The largest lake in Central America, home to freshwater sharks

The twin volcanoes of Ometepe Island rising from Lake Nicaragua at sunset
Zach Klein / CC BY 2.0 - via Wikimedia Commons

Lake Nicaragua — Cocibolca to the people who live around it — is the largest lake in Central America and one of the strangest, for it is a freshwater lake patrolled by sharks. Bull sharks swim up the San Juan River from the Caribbean and into its waters, alongside sawfish and tarpon, oceanic creatures thriving improbably in fresh water. From its surface rise the twin volcanoes of Ometepe Island, a near-perfect cone-and-crater pairing that has made the lake one of the iconic landscapes of the Americas.

The lake spreads across about 8,264 square kilometres yet is shallow, with a maximum depth of only around 26 metres, sitting just 32 metres above sea level. It drains east through the San Juan River to the Caribbean Sea, the very corridor the bull sharks use to come and go between ocean and lake. Volcanic in setting, it holds the volcanic islands of Ometepe and Zapatera and the cluster of tiny isletas near Granada, formed when a nearby volcano blew its top and scattered debris across the water.

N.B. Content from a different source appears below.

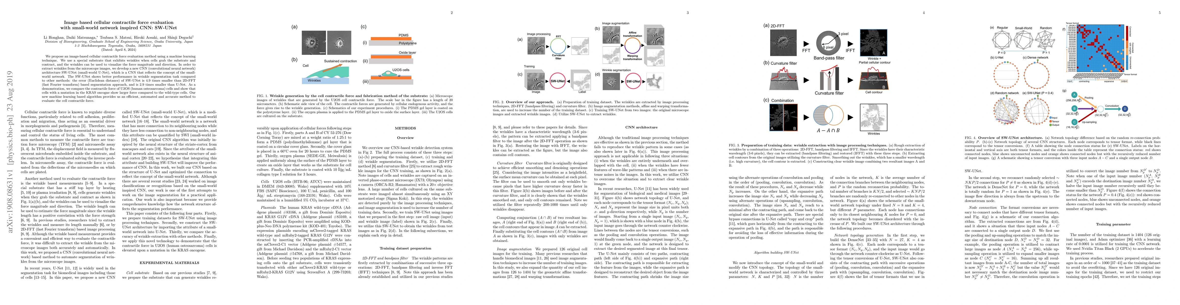 We propose an image-based cellular contractile force evaluation method using a machine learning technique. We use a special substrate that exhibits wrinkles when cells grab the substrate and contract, and the wrinkles can be used to visualize the force magnitude and direction. In order to extract wrinkles from the microscope images, we develop a new CNN (convolutional neural network) architecture SW-UNet (small-world U-Net), which is a CNN that reflects the concept of the small-world network. The SW-UNet shows better performance in wrinkle segmentation task compared to other methods: the error (Euclidean distance) of SW-UNet is 4.9 times smaller than 2D-FFT (fast Fourier transform) based segmentation approach, and is 2.9 times smaller than U-Net. As a demonstration, we compare the contractile force of U2OS (human osteosarcoma) cells and show that cells with a mutation in the KRAS oncogne show larger force compared to the wild-type cells. Our new machine learning based algorithm provides us an efficient, automated and accurate method to evaluate the cell contractile force.
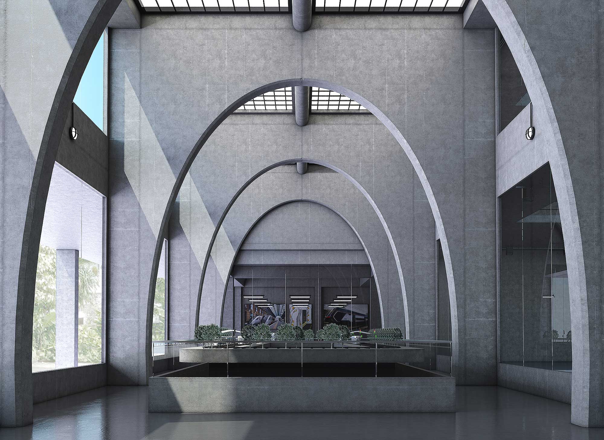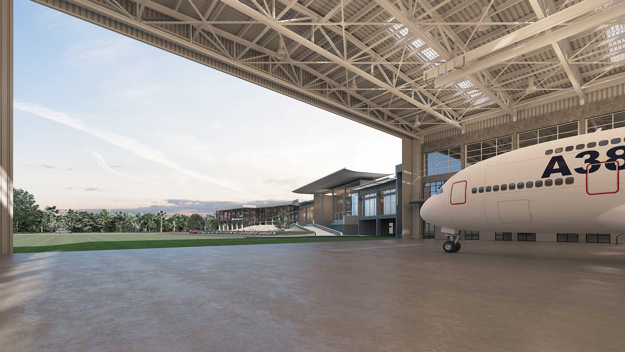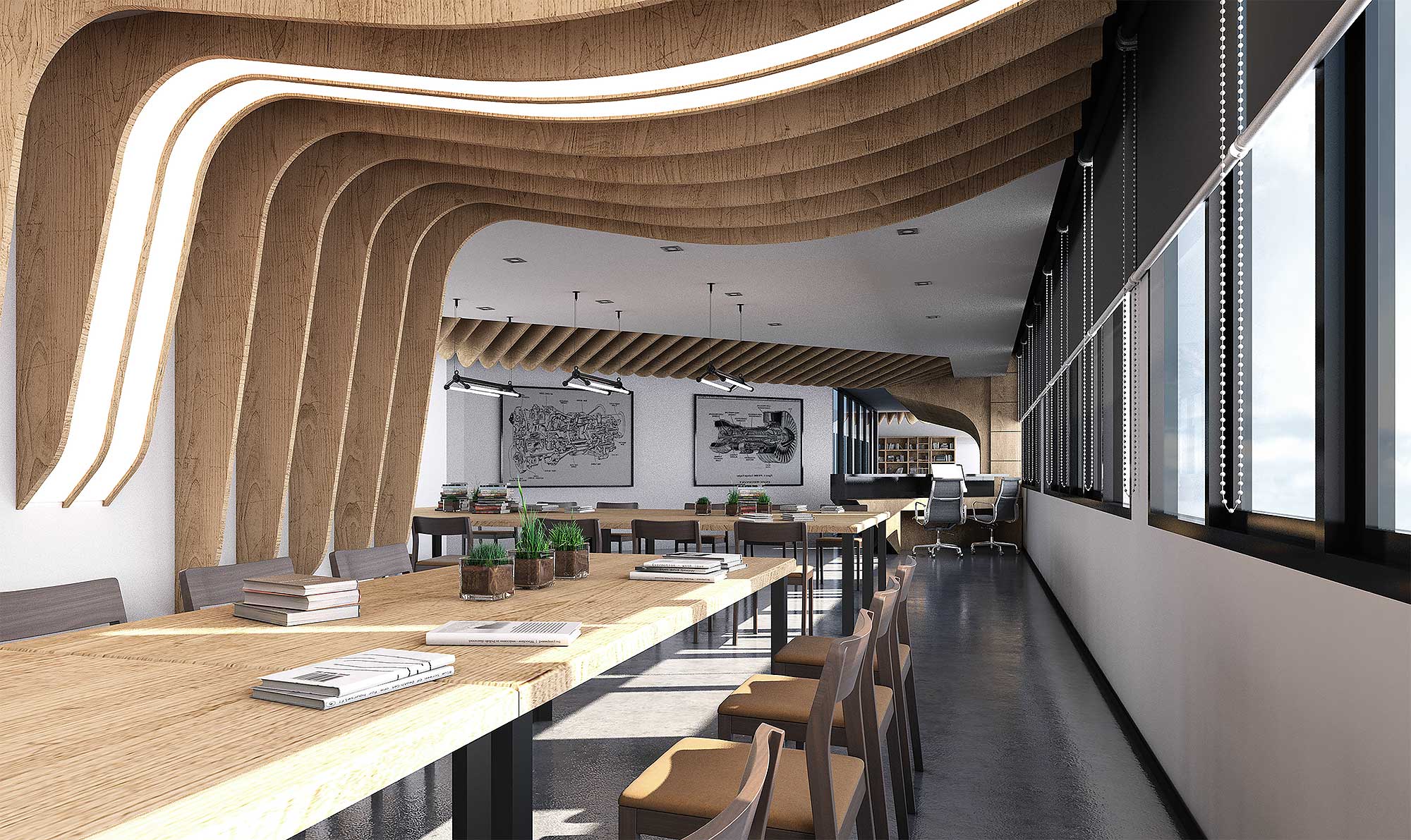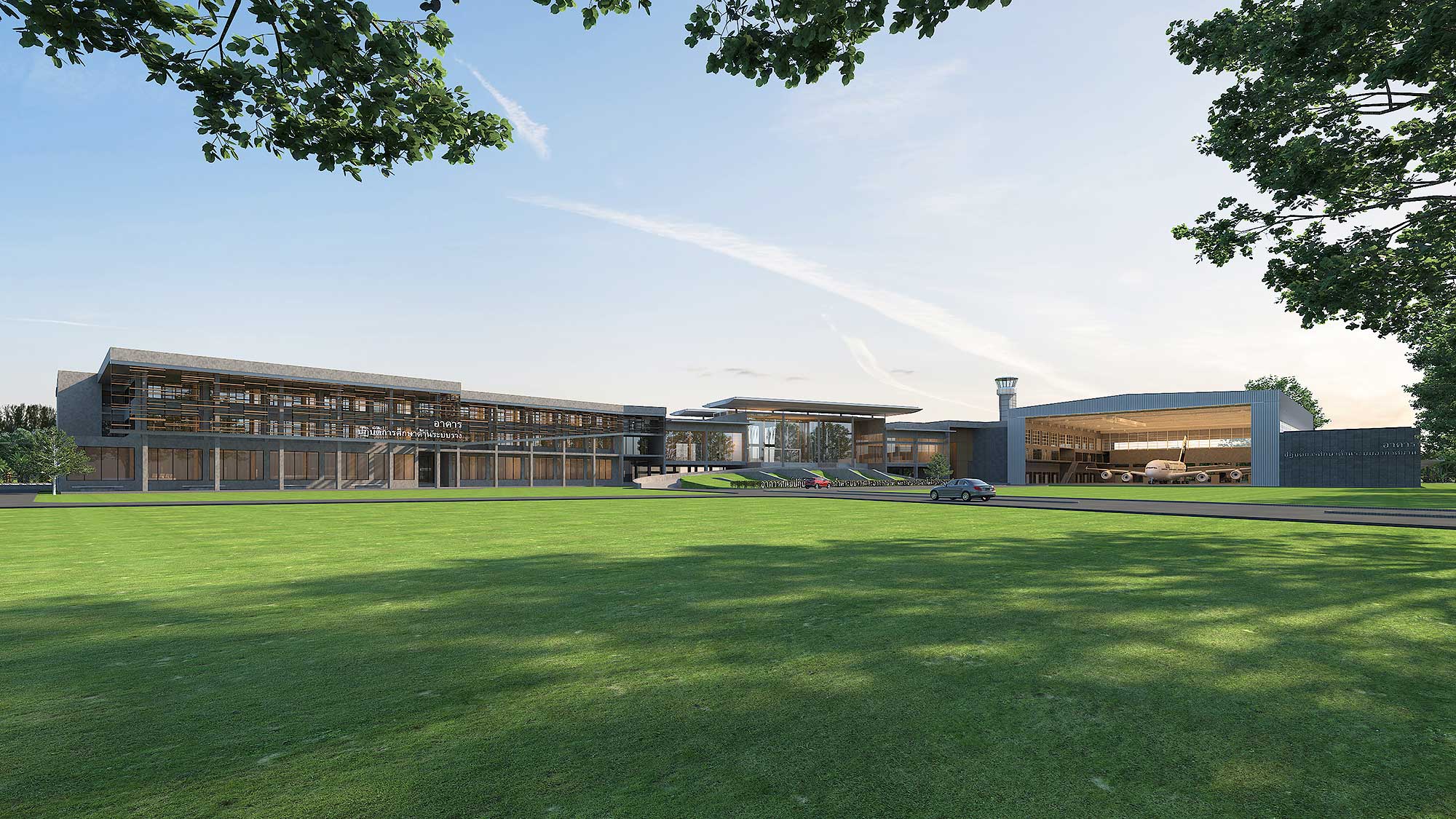 The Railway and Aircraft Education Center Building was designed to support students and train aviation personnel. Its design incorporates flexibility, allowing for future expansion of usable spaces. A central building connects two wings, facilitating shared use of common areas. The design concept features curves that reflect the shape of trains, along with distinctive modern elements that create an appropriate interior atmosphere.

That low elevation and Caribbean outlet made the lake a tantalising route for a trans-isthmus canal, debated for centuries and revived in modern proposals that have alarmed conservationists worried about the lake's ecology and its role as a vast freshwater reserve. The Spanish founded Granada on its shore in 1524, one of the oldest colonial cities in the Americas. Today the lake sustains fishing communities, draws travellers to Ometepe, and supplies fresh water to a country that calls it, fondly, the Sweet Sea.